-- Data to examine follows --

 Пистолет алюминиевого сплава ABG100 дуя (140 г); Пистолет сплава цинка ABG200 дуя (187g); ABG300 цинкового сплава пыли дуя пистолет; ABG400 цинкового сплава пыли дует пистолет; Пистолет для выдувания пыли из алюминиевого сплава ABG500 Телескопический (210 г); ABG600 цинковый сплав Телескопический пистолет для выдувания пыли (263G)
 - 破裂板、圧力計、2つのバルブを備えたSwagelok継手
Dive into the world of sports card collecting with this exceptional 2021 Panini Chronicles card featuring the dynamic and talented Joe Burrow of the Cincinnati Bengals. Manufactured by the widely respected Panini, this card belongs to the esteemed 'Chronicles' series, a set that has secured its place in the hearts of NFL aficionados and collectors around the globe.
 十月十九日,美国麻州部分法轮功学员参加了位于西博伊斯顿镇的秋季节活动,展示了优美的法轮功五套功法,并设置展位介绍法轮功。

-- Data to examine concluded --
-- Data to examine follows --

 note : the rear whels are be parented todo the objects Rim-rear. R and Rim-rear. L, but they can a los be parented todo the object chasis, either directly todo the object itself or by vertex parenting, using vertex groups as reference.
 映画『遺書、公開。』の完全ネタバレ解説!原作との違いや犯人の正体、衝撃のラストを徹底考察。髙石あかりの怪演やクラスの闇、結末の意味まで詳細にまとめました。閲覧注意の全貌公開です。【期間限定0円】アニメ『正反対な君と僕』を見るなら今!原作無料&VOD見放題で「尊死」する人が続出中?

-- Data to examine concluded --

Work to be completed | An exact, complete copy of the lines above from the one with "Пистолет алюминиевого сплава" through the one with "十月十九日,美国麻州部分法轮" is the whole answer.

Task solution |
 Пистолет алюминиевого сплава ABG100 дуя (140 г); Пистолет сплава цинка ABG200 дуя (187g); ABG300 цинкового сплава пыли дуя пистолет; ABG400 цинкового сплава пыли дует пистолет; Пистолет для выдувания пыли из алюминиевого сплава ABG500 Телескопический (210 г); ABG600 цинковый сплав Телескопический пистолет для выдувания пыли (263G)
 - 破裂板、圧力計、2つのバルブを備えたSwagelok継手
Dive into the world of sports card collecting with this exceptional 2021 Panini Chronicles card featuring the dynamic and talented Joe Burrow of the Cincinnati Bengals. Manufactured by the widely respected Panini, this card belongs to the esteemed 'Chronicles' series, a set that has secured its place in the hearts of NFL aficionados and collectors around the globe.
 十月十九日,美国麻州部分法轮功学员参加了位于西博伊斯顿镇的秋季节活动,展示了优美的法轮功五套功法,并设置展位介绍法轮功。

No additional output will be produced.